- [WHAT THE EXERCISE ASKS]: Take the lines below from the one with "2014年部分高校納米材料與" through the one with "東華鏈條展廳設計新穎,大氣,展示了DON" and retype them exactly. Include nothing else, and no pictures.

Collected data entries:
_ _ _ _

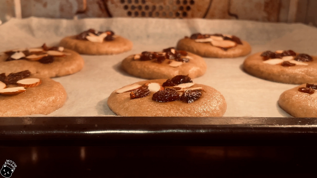 재료 : 무염버터 70g, 갈색설탕 30g, 바닐라 익스트랙 3g, 계란 노른자 1개, 박력분 90g, 아몬드가루 20g, 계핏가루 3g, 아몬드 슬라이스, 건포도
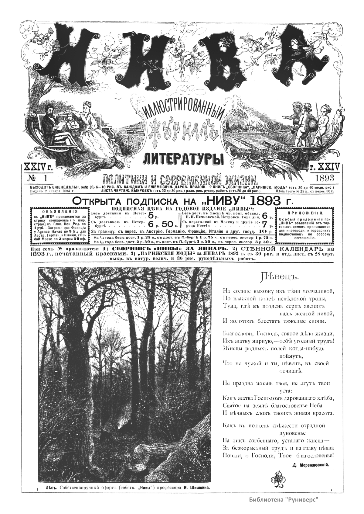 «Нива» — популярный еженедельный русский журнал с приложениями, издававшийся со второй половины XIX до начала XX века, носил подзаголовок «Журнал литературы, политики и современной жизни». Журнал был любимым детищем А. Ф. Маркса, возглавлявшего свое издательство вплоть до своей смерти в 1904 г. Позиционировалась «Нива» как иллюстрированный журнал для семейного чтения и был ориентирован, главным образом, на обывателя. В журнале публиковались литературные произведения, исторические, научно-популярные очерки, репродукции и гравюры картин современных художников. Материалы политического и общественного содержания также сопровождались многочисленными иллюстрациями. Среди известных литераторов, печатавшихся в журнале, были А. К. Толстой, Ф. И. Тютчев, Л. Н. Толстой, А. А. Фет, А. П. Чехов, Максим Горький, Корней Чуковский, Анна Ахматова, Иван Бунин и многие другие. Благодаря «Ниве» сочинения многих современных авторов добрались до самых отдаленных областей России.
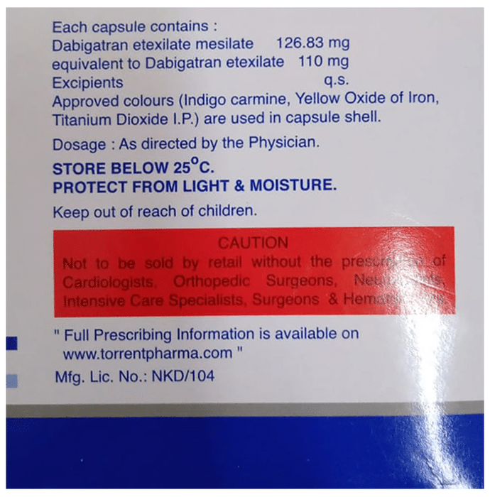 Dabigatran Etexilate (110mg):<packagingdetail>:Strip:
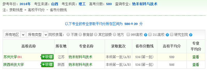 2014年部分高校納米材料與技術(shù)專業(yè)的錄取分?jǐn)?shù)
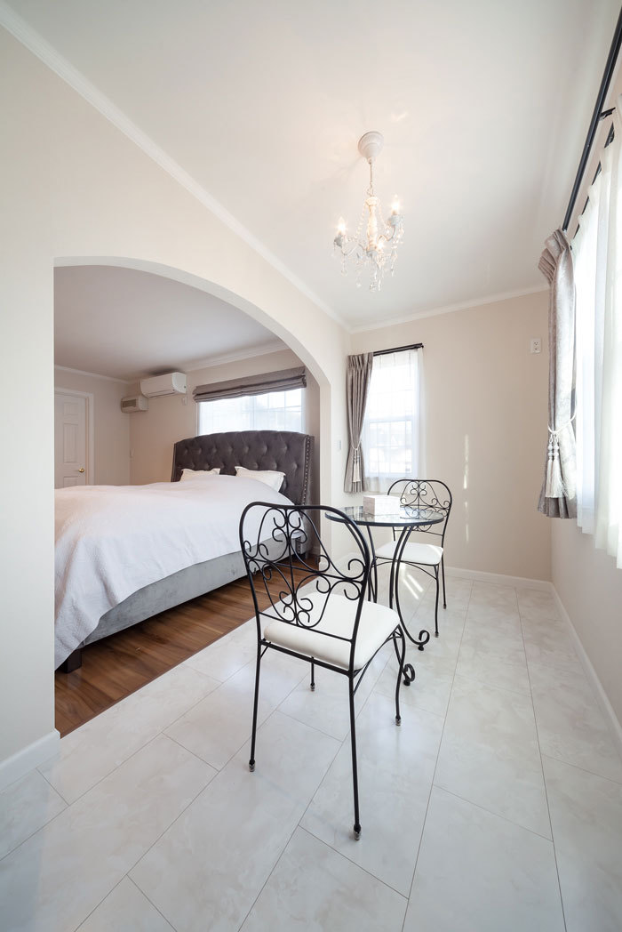 間取りのイメージは、すでにかなり具体的に持っていたFさん。家を建てるのも3回目で、会社選びに特段の興味を持っていたわけではかったそうだ。「だから、いちばん早くカタログが届いた会社で建てよう、となんとなく思っていたんです」。そんなわけで、ロビンスジャパンを選んだのは、実は偶然といえば偶然。「でもレスポンスの速さは、その会社の仕事全体の現れでもあると思うんです」と、同社の最初の対応が、信頼と安心の元になったそうだ。「せっかくなら、今までとは違う家にしよう」という気持ちが、個性的な輸入デザインを提案するロビンスジャパンの家づくりと合致したことも、決定ポイントだったという。
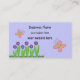 Un arrière - plan mauve doux accentue une rangée de fleurs violettes avec des feuilles et des tiges vert vif. Des papillons Whimsical roses flottent autour de nous. Customisez avec toutes vos informations d'affaires comme vous le souhaitez.
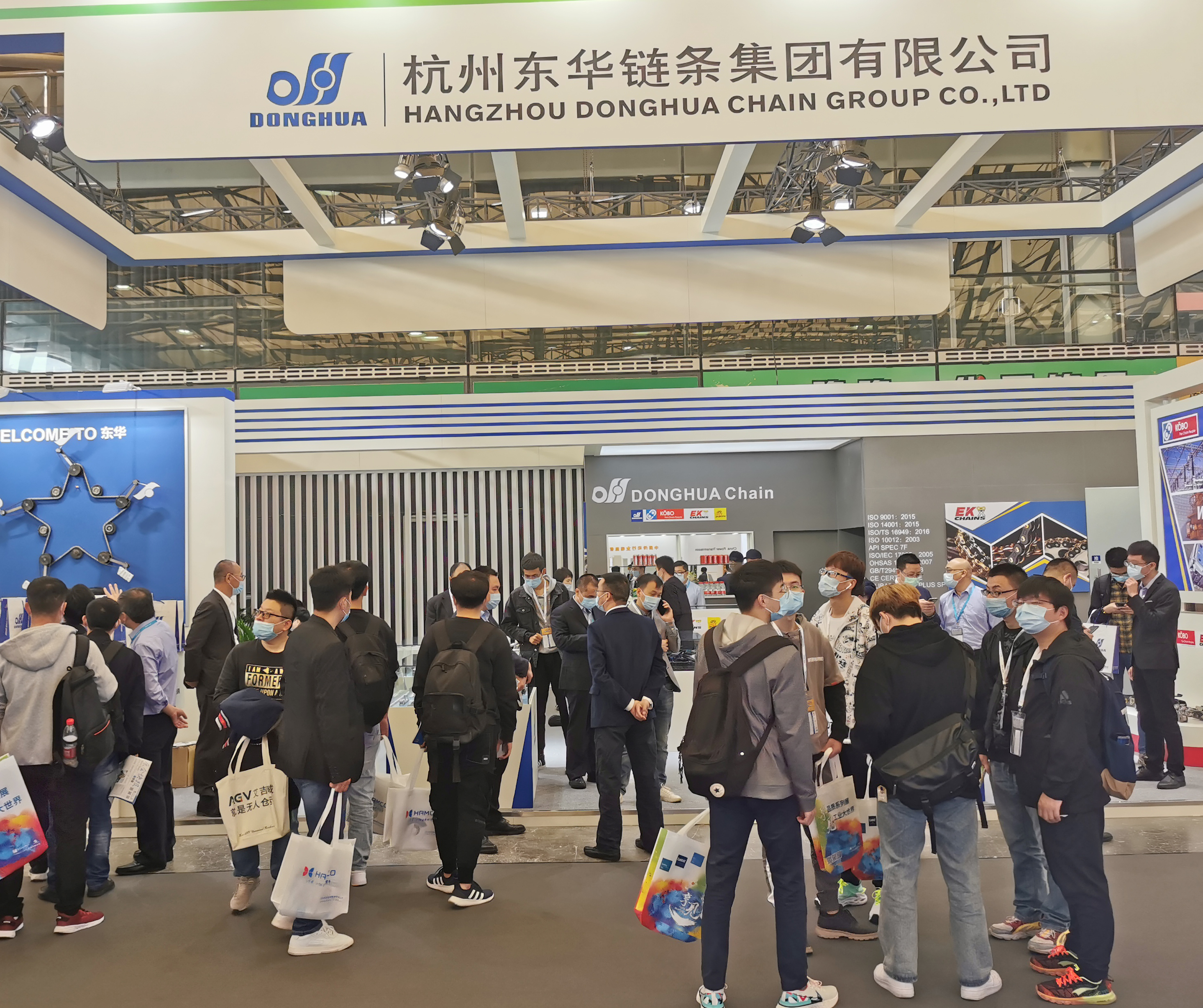 東華鏈條展廳設計新穎,大氣,展示了DONGHUA、自強、盾牌、KOBO、EK等國內外著名品牌。特別是展臺上一款由鏈條、鏈輪、企業LOGO組成的創意組合,不斷變幻造型,吸引了許多客戶和觀眾駐足拍照、拍視頻。
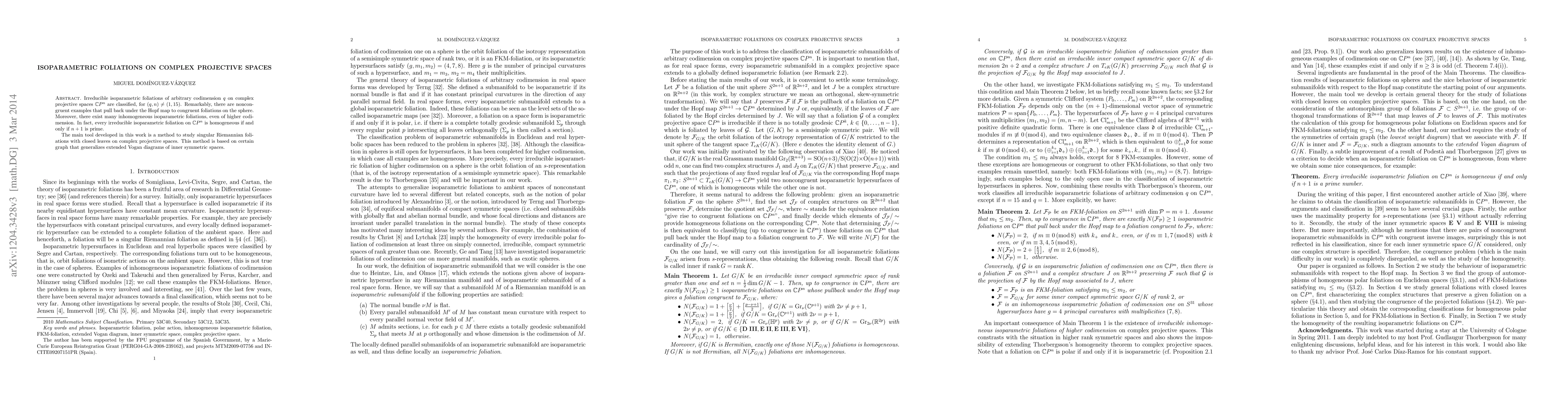 This paper classifies irreducible isoparametric foliations on complex projective spaces, revealing that noncongruent examples exist and can be related via the Hopf map. It introduces a novel method based on generalized Vogan diagrams to study singular Riemannian foliations, proving that homogeneity of such foliations depends on whether n+1 is prime.
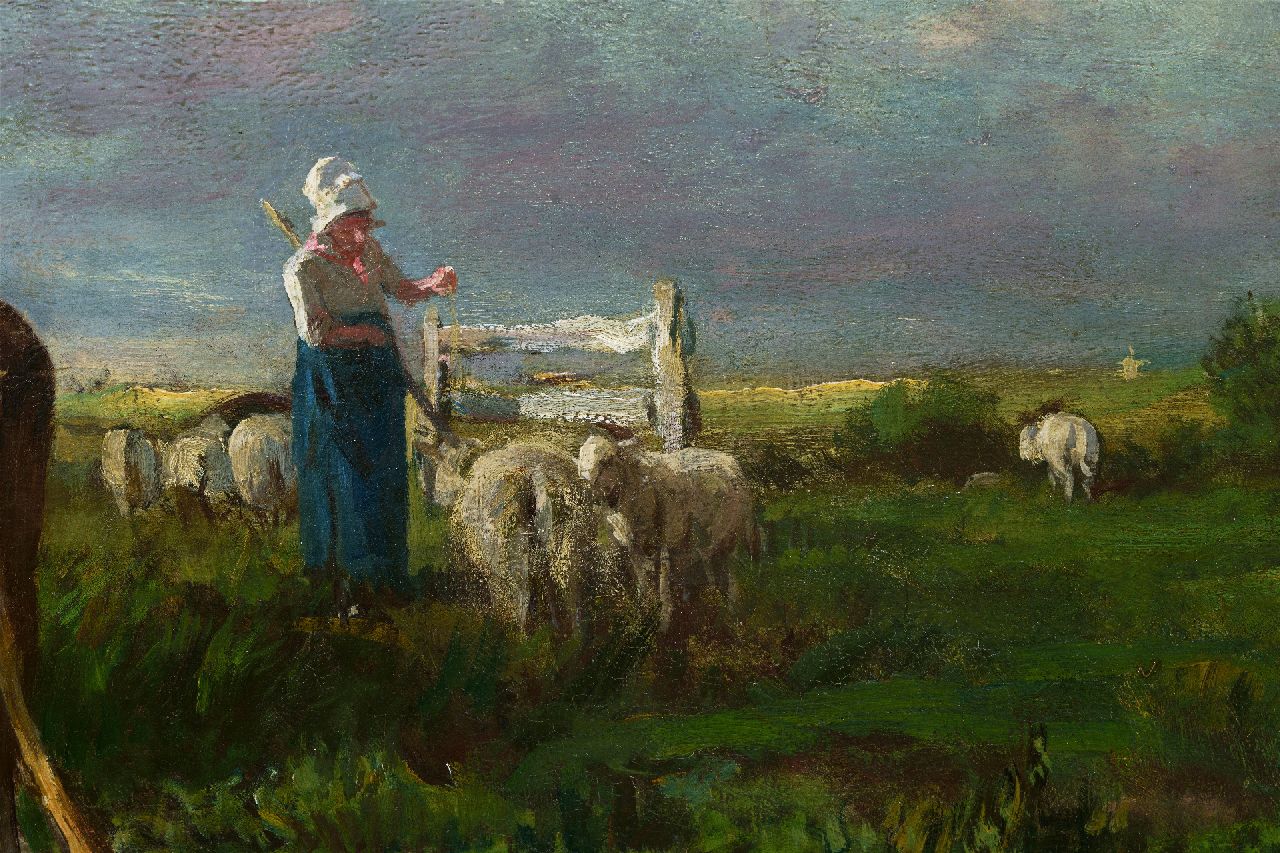 Anton Mauve ist einer der bekanntesten Maler der Haagse School. Er bekam seine Ausbildung bei den Tiermalern P.F.van Os und Wouterus Verschuur. Er arbeitete einige Zeit in Oosterbeek mit P.J.C. Gabriel. Er kombinierte Landschaften und Tiere in seinen Gemälden. Nach einigen Umherschweifungen liess er sich 1871 im Haag nieder. Nachher zog er nach Laren, wo er namentlich die Heide mit wolligen Schafsherden in silbergrauen Tönen der verfliessenden Landschaft wiedergab. Eine seiner geliebtesten Stellen war ein gerade ausserhalb Laren gelegenes Stück Ödland, später Mauvezand genannt.

_ _ _ _

- [RESULT]:
 2014年部分高校納米材料與技術(shù)專業(yè)的錄取分?jǐn)?shù)
 間取りのイメージは、すでにかなり具体的に持っていたFさん。家を建てるのも3回目で、会社選びに特段の興味を持っていたわけではかったそうだ。「だから、いちばん早くカタログが届いた会社で建てよう、となんとなく思っていたんです」。そんなわけで、ロビンスジャパンを選んだのは、実は偶然といえば偶然。「でもレスポンスの速さは、その会社の仕事全体の現れでもあると思うんです」と、同社の最初の対応が、信頼と安心の元になったそうだ。「せっかくなら、今までとは違う家にしよう」という気持ちが、個性的な輸入デザインを提案するロビンスジャパンの家づくりと合致したことも、決定ポイントだったという。
 Un arrière - plan mauve doux accentue une rangée de fleurs violettes avec des feuilles et des tiges vert vif. Des papillons Whimsical roses flottent autour de nous. Customisez avec toutes vos informations d'affaires comme vous le souhaitez.
 東華鏈條展廳設計新穎,大氣,展示了DONGHUA、自強、盾牌、KOBO、EK等國內外著名品牌。特別是展臺上一款由鏈條、鏈輪、企業LOGO組成的創意組合,不斷變幻造型,吸引了許多客戶和觀眾駐足拍照、拍視頻。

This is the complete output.